Rubin pleaded guilty in January 2012 to bid-rigging schemes going back about a decade. The charges included conspiracy to allocate and rig bids for investment agreements and other municipal finance contracts, defrauding issuers and the IRS, and wire fraud.

"A surprisingly lenient sentence, given there is no jail time. Clearly, Judge Wood gave great consideration that this was not a crime of violence, but of money," said Anthony Sabino, a Mineola, N.Y. white-collar attorney and St. John's University law professor. "Accordingly, the punishment was measured in dollars, not days in jail. Some might disagree, but I think it's fitting, because it not only deprives the defendant of his ill-gotten goods, but penalizes him for his misdeeds.

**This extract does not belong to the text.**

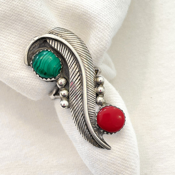Vintage Navajo Silver Malachite Coral Native American Ring, Southwestern Statement Ring Size 7 1/4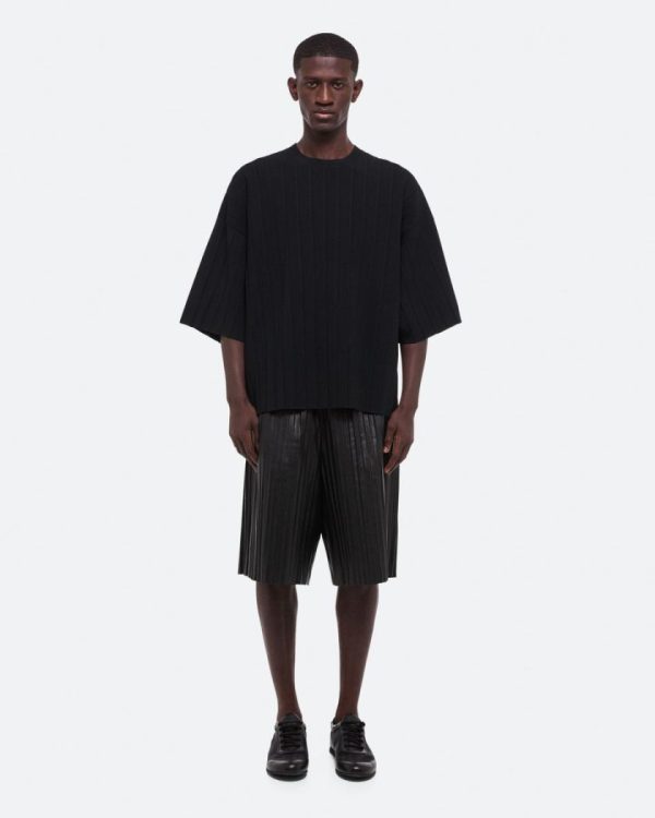 Oversized tee in recycled viscose knit with pleated texture.Fits true to size. Model is 6’1” and wears size M.

"Wall Street bad guys understand only one thing: money," said Sabino. "When you hurt them in the pocketbook, they get the message."

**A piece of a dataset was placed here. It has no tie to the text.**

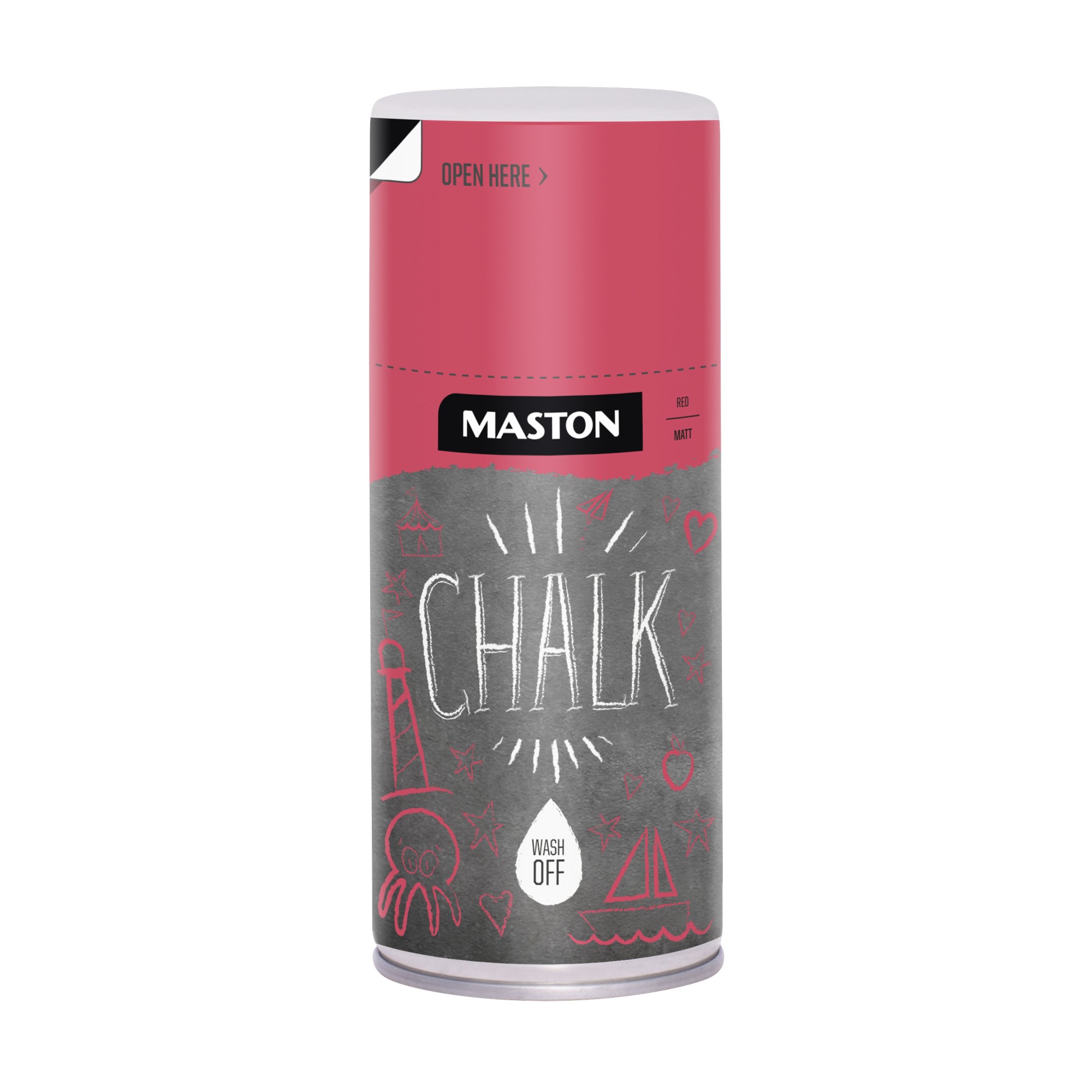 Maston Chalk er en hurtigtørkende krittspray som enkelt kan vaskes bort med vann.Egnet for asfalt, gress, tre, sand, glass etc. Porøse materialer kan påvirke produktets vaskbarhet.

General Electric Co., Bank of America Corp., JPMorgan Chase & Co., Wells Fargo & Co. and UBS AG have paid more than $700 million in restitutions and fines related to the government's sweep.

Rubin's restitution breaks down to about $1.3 million for depressed muni bond interest rates and $830,000 for swap-fee kickbacks.

"It seems to me that the victims have been largely, though not totally, made whole primarily because of the government's amazing results in extracting payments from institutions," said Wood.

She added, however: "It's almost impossible to calculate restitution."

Rubin, who must pay the penalty within a year, also received 500 hours of community service.

"I have deep remorse and great regret for my actions. I am truly sorry," Rubin told the court in a cracking voice.

Several times during his speech he had to stop and compose himself.

"Take your time," said Wood in a tiny, packed Room 9A at the Daniel Patrick Moynihan Courthouse before about 50 people - including standees - many of whom were Rubin's family and friends. Court officials transferred the hearing from the more spacious 23B.

Antitrust attorneys Rebecca Meiklejohn and Daniel Tracer gave no summary statement. Bradley Simon and Kenneth Murphy of Simon & Partners LLP represented Rubin, as did Perry Israel.

"Mr. Rubin has paid a steep price. He will have lost far more than he made," said Israel.

Rubin became a cooperating witness and testified in the trial of former bankers Peter Ghavami, Michael Welty and Gary Heinz, who are appealing their August 2012 conviction on the grounds that the government withheld evidence.

Former General Electric bankers Dominick Carollo, Steven Goldberg, and Peter Grimm, convicted in May 2012, are out of jail after an appeals court ruled the statute of limitations on their charges had expired before the government charged them with criminal counts.

Sentencing for former CDR executives Daniel Naeh and Douglas Goldberg is set for April 10 and April 22, respectively, according to court documents.

Wood, a federal judge for 26 years, sentenced "junk bond king" Michael Milken to 10 years in 1990 - although Milken only served two - plus three years' probation.

Lynn Hume contributed to this story.